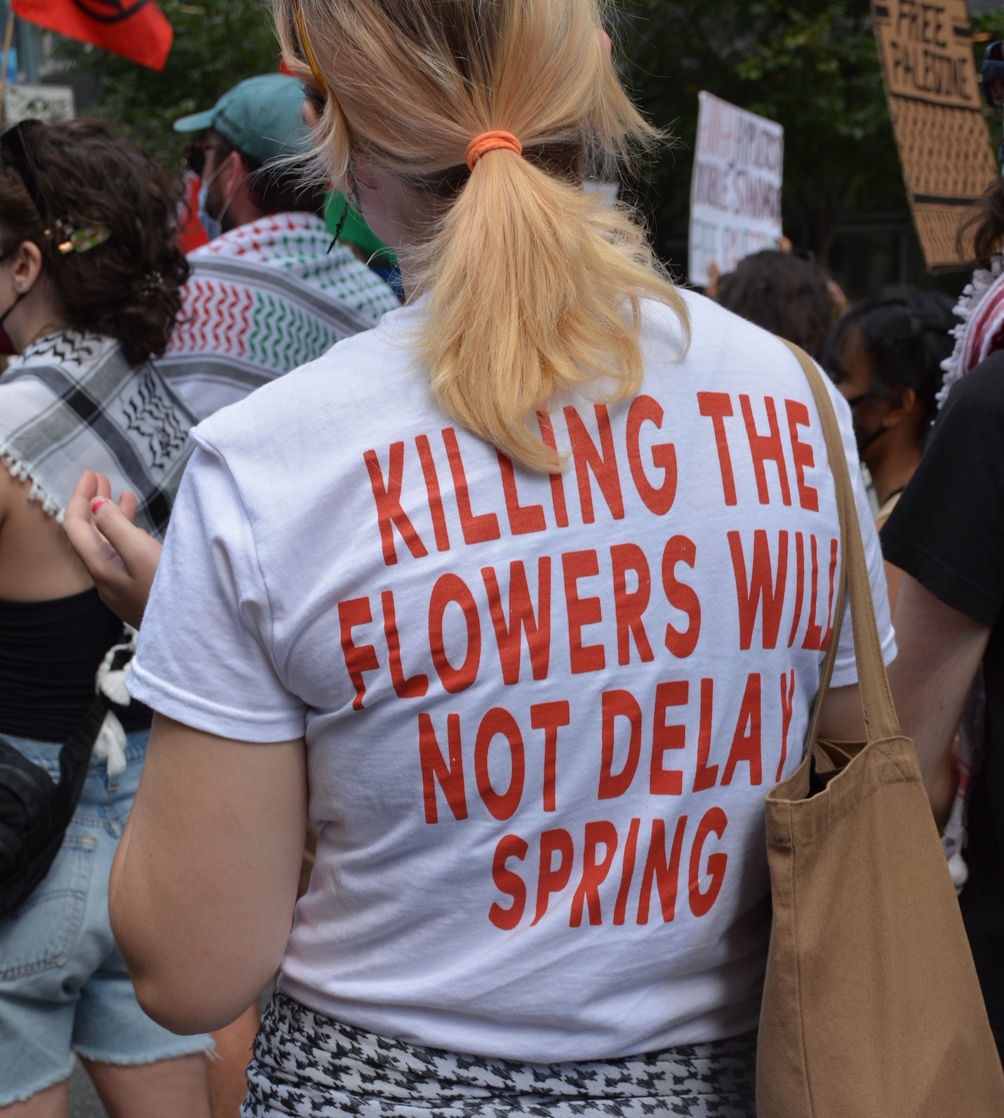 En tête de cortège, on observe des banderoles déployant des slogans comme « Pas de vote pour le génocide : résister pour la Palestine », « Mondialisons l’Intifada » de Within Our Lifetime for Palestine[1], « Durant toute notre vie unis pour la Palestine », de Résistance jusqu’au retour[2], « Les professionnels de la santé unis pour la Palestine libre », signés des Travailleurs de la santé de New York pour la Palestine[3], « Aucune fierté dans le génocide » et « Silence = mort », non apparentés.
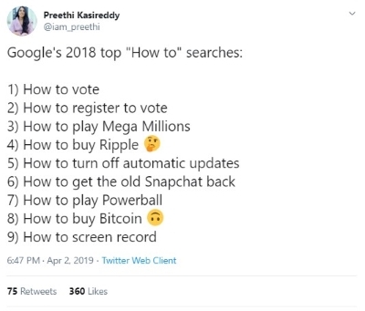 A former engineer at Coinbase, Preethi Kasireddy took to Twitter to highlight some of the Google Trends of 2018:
┄┄┄┄┄┄
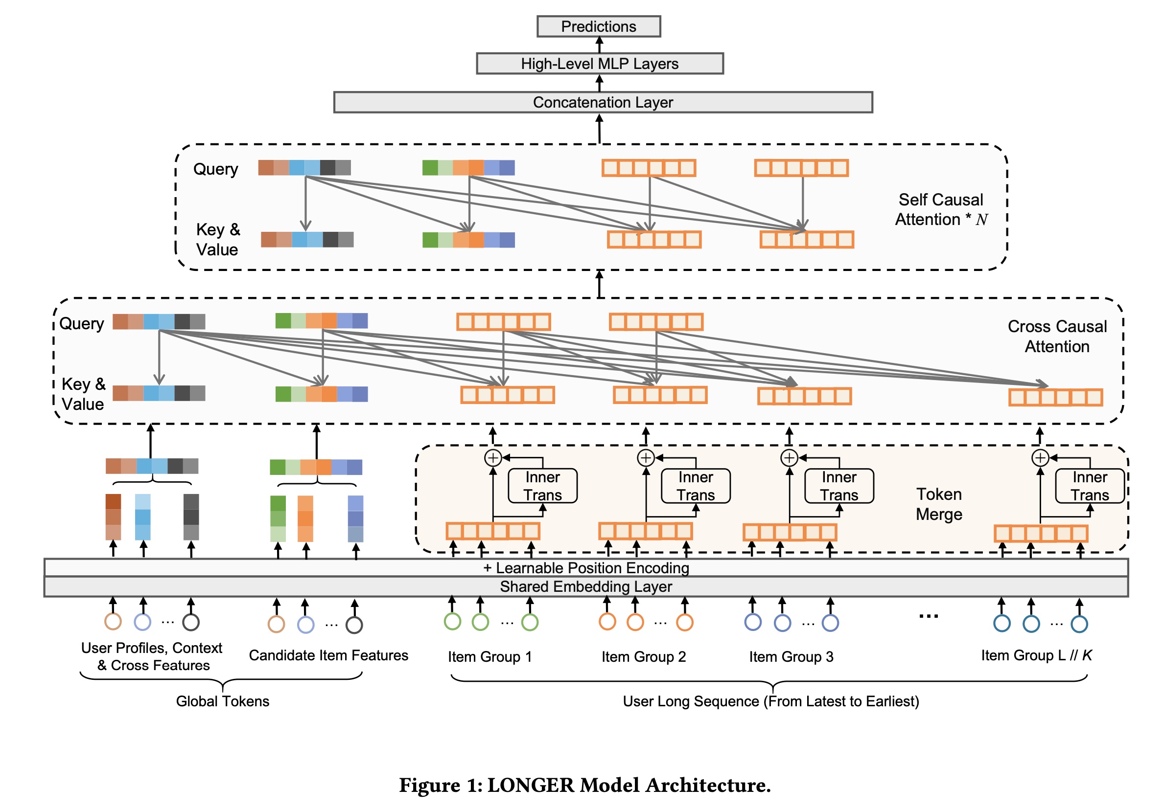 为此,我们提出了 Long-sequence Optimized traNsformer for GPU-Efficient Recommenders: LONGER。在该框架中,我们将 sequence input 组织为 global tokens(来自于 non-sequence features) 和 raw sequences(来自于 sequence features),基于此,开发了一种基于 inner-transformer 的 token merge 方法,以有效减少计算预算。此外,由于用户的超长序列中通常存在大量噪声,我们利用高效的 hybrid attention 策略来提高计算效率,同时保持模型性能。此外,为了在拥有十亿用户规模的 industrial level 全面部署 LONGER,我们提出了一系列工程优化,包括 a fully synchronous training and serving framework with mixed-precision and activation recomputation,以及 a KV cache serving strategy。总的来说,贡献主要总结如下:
┄┄┄┄┄┄
**About this task:** Though the entries above contain pictures, none should be copied; reproduce only the lines between the one holding "En tête de cortège, on" and the one holding "A former engineer", inclusive, exactly as written.

**Solution to this task:**
 En tête de cortège, on observe des banderoles déployant des slogans comme « Pas de vote pour le génocide : résister pour la Palestine », « Mondialisons l’Intifada » de Within Our Lifetime for Palestine[1], « Durant toute notre vie unis pour la Palestine », de Résistance jusqu’au retour[2], « Les professionnels de la santé unis pour la Palestine libre », signés des Travailleurs de la santé de New York pour la Palestine[3], « Aucune fierté dans le génocide » et « Silence = mort », non apparentés.
 A former engineer at Coinbase, Preethi Kasireddy took to Twitter to highlight some of the Google Trends of 2018:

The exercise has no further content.